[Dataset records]
= = = =
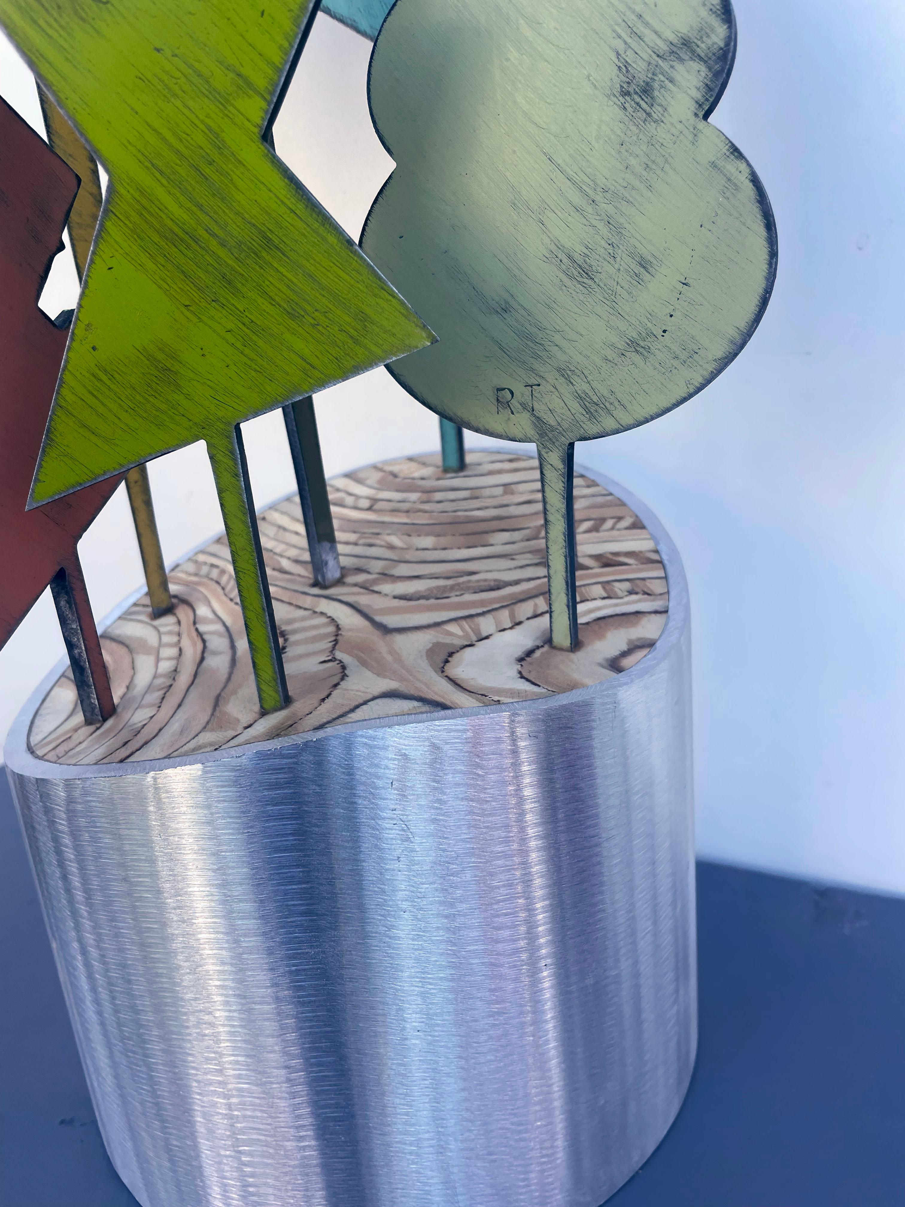 "Planet - Ash" fait partie d'une série de sculptures sur table qui abordent le thème du changement climatique. Dans ces petits environnements ronds, un groupe d'arbres abstraits habite une partie d'un paysage vallonné. Les arbres sont bordés de patine noire en référence au réchauffement de notre planète et à l'aggravation du nombre d'incendies chaque année. Malgré la menace réelle des catastrophes naturelles et de la montée des eaux, ma série Planète utilise des palettes de couleurs optimistes et un éventail ludique de formes d'arbres pour envoyer un message d'espoir, à savoir que l'humanité réduira le fléau des combustibles fossiles dans l'atmosphère pour que notre planète reste vivable. Les matériaux utilisés sont l'aluminium pour les arbres et la base, le contreplaqué stratifié pour la colline, la peinture émaillée et le vernis.
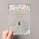 Cette invitation acrylique chic Quinceañera présente une fille coing vêtue d'une jolie robe verte sage, belle robe rose bébé, vert sauge floral et feuillage vert doux. Personnalisez-le avec vos détails facilement et rapidement, appuyez simplement sur le bouton Modifier à l'aide de l'outil de conception pour réorganiser et formater le style et le placement du texte. Aussi idéal pour Sweet 16 et d'autres occasions! c) Le Happy Cat Studio
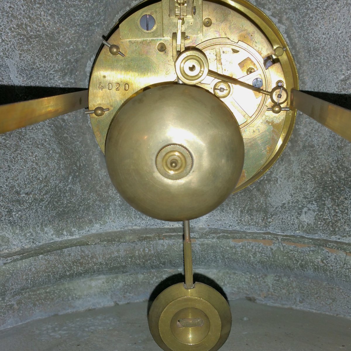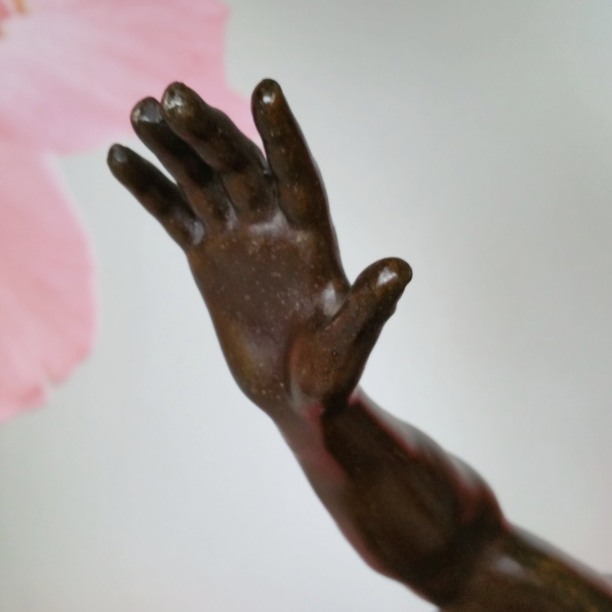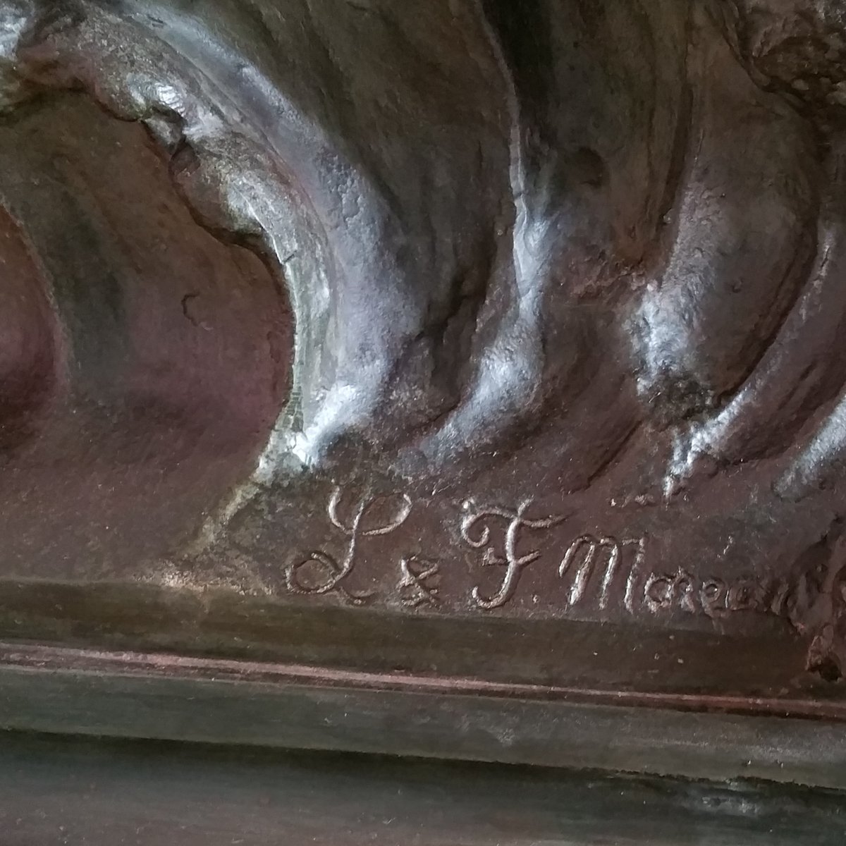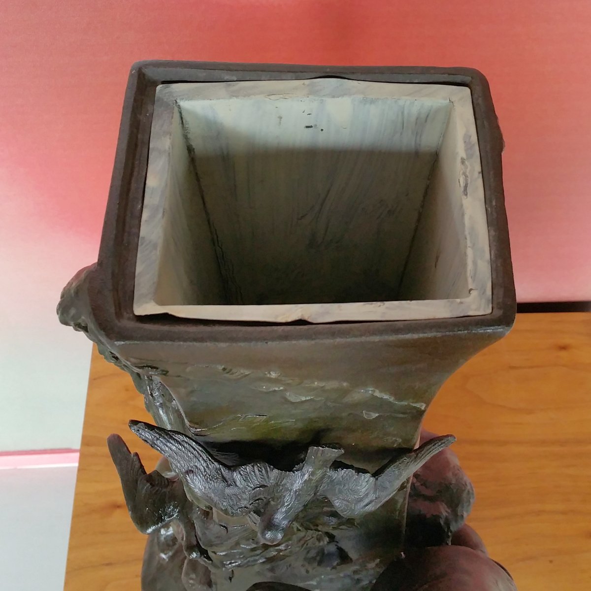 This clock with a large sculpture of Neptune (total height 87 cm) was acquired as a set with two vases with figures of whalers. Though the pieces have the same theme, the sea, they are different in style. The sculpture and vases are made of spelter (a die cast metal with a bronze coating) and are in good condition. The clock (A la Renaissance, 49. Boulevard St. Martin, Paris) is in working order and with keys. The designer of the vases is not known. The Neptune clock measures height 87 cm, width 51 cm, and depth 38 cm, while the vase measurements are below, with the smaller piece measuring 29 cm in width, and 33 cm in depth.
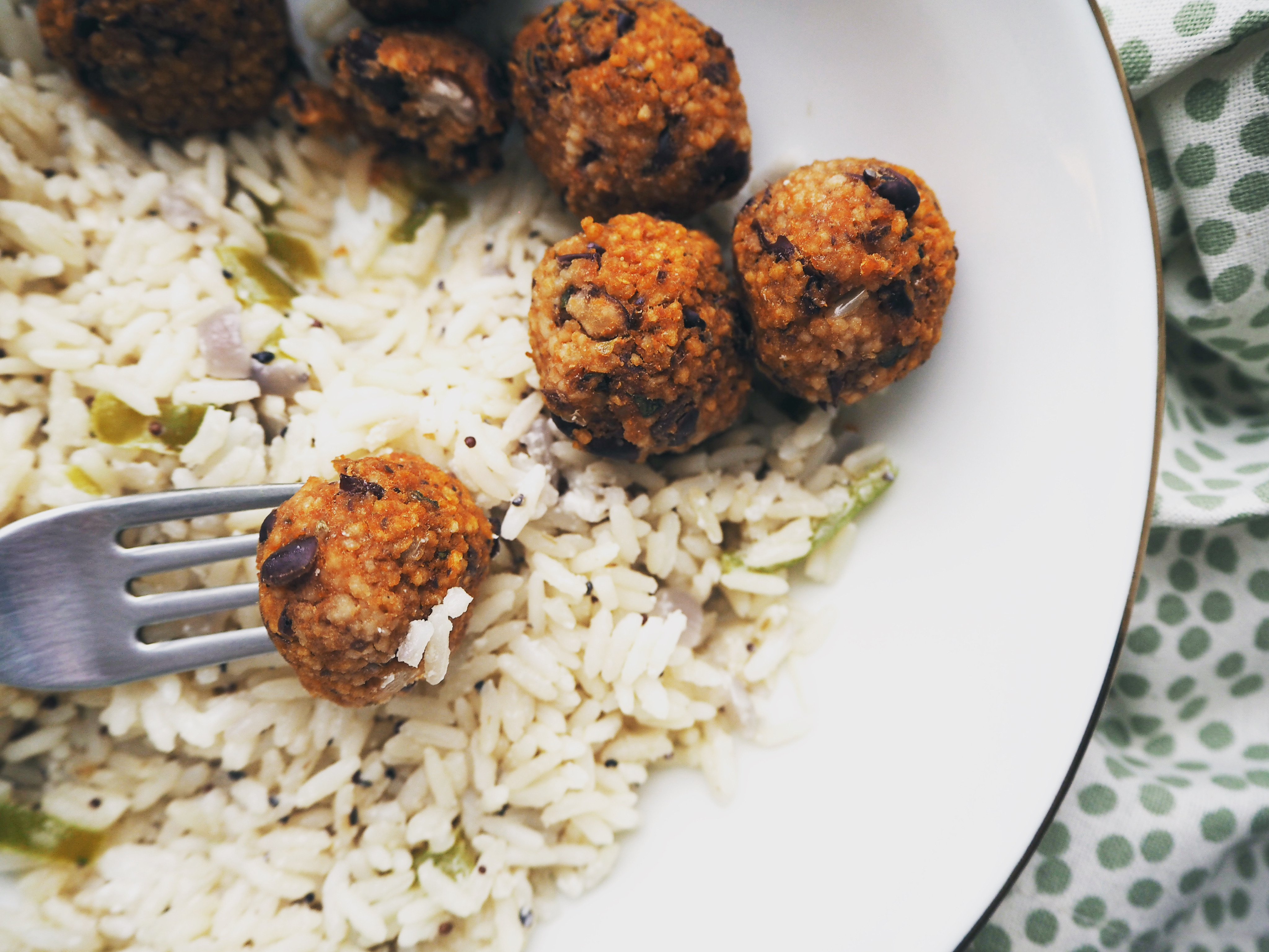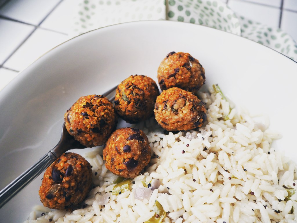 I got the inspiration from two different recipes to make these balls and rice pilaf, but I put my own twists. I used couscous with black beans because I like the texture of couscous in this kind of balls. The gluten-free alternative for couscous can be quinoa or a mixture of almond flour and breadcrumbs. Of course, all these substitutions will result in different textures and tastes themselves.
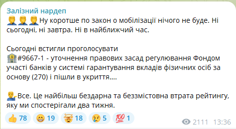 Разом з тим, рішення про відкликання законопроєкту було неознозначно сприйнято народними депутатами. Так, нардеп Ярослав Залізняк додав, що тепер невідомо, чи буде ухвалено взагалі будь-який законопроєкт про мобілізацію, зміни в проведенні якої гостро потребує наше військо.
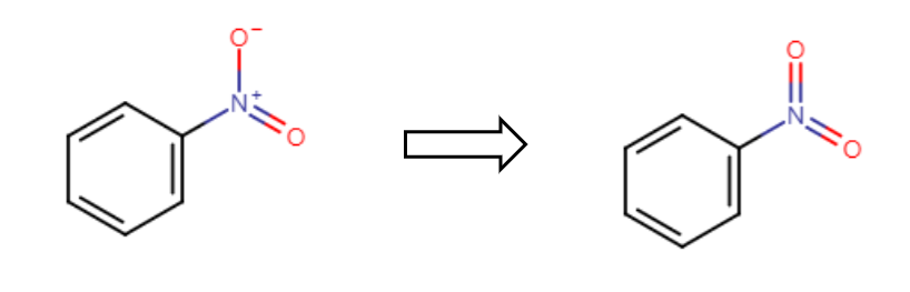 | Transform Nitro (action string: '[O:3]=[N:1]=[O:2]>>[#8-:2]-[#7+:1]=[O:3]') |
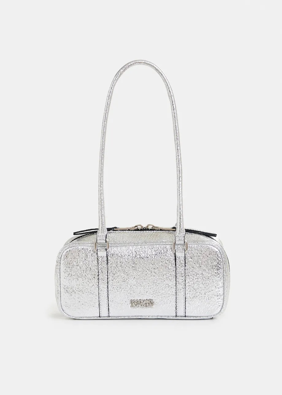 ESSENTIEL ANTWERP Silver metallic shoulder baguette bag
= = = =
**Aim of the task:** Please reproduce the data above word for word, skipping all images.

**Response below:**
 "Planet - Ash" fait partie d'une série de sculptures sur table qui abordent le thème du changement climatique. Dans ces petits environnements ronds, un groupe d'arbres abstraits habite une partie d'un paysage vallonné. Les arbres sont bordés de patine noire en référence au réchauffement de notre planète et à l'aggravation du nombre d'incendies chaque année. Malgré la menace réelle des catastrophes naturelles et de la montée des eaux, ma série Planète utilise des palettes de couleurs optimistes et un éventail ludique de formes d'arbres pour envoyer un message d'espoir, à savoir que l'humanité réduira le fléau des combustibles fossiles dans l'atmosphère pour que notre planète reste vivable. Les matériaux utilisés sont l'aluminium pour les arbres et la base, le contreplaqué stratifié pour la colline, la peinture émaillée et le vernis.
 Cette invitation acrylique chic Quinceañera présente une fille coing vêtue d'une jolie robe verte sage, belle robe rose bébé, vert sauge floral et feuillage vert doux. Personnalisez-le avec vos détails facilement et rapidement, appuyez simplement sur le bouton Modifier à l'aide de l'outil de conception pour réorganiser et formater le style et le placement du texte. Aussi idéal pour Sweet 16 et d'autres occasions! c) Le Happy Cat Studio
 This clock with a large sculpture of Neptune (total height 87 cm) was acquired as a set with two vases with figures of whalers. Though the pieces have the same theme, the sea, they are different in style. The sculpture and vases are made of spelter (a die cast metal with a bronze coating) and are in good condition. The clock (A la Renaissance, 49. Boulevard St. Martin, Paris) is in working order and with keys. The designer of the vases is not known. The Neptune clock measures height 87 cm, width 51 cm, and depth 38 cm, while the vase measurements are below, with the smaller piece measuring 29 cm in width, and 33 cm in depth.
 I got the inspiration from two different recipes to make these balls and rice pilaf, but I put my own twists. I used couscous with black beans because I like the texture of couscous in this kind of balls. The gluten-free alternative for couscous can be quinoa or a mixture of almond flour and breadcrumbs. Of course, all these substitutions will result in different textures and tastes themselves.
 Разом з тим, рішення про відкликання законопроєкту було неознозначно сприйнято народними депутатами. Так, нардеп Ярослав Залізняк додав, що тепер невідомо, чи буде ухвалено взагалі будь-який законопроєкт про мобілізацію, зміни в проведенні якої гостро потребує наше військо.
 | Transform Nitro (action string: '[O:3]=[N:1]=[O:2]>>[#8-:2]-[#7+:1]=[O:3]') |
 ESSENTIEL ANTWERP Silver metallic shoulder baguette bag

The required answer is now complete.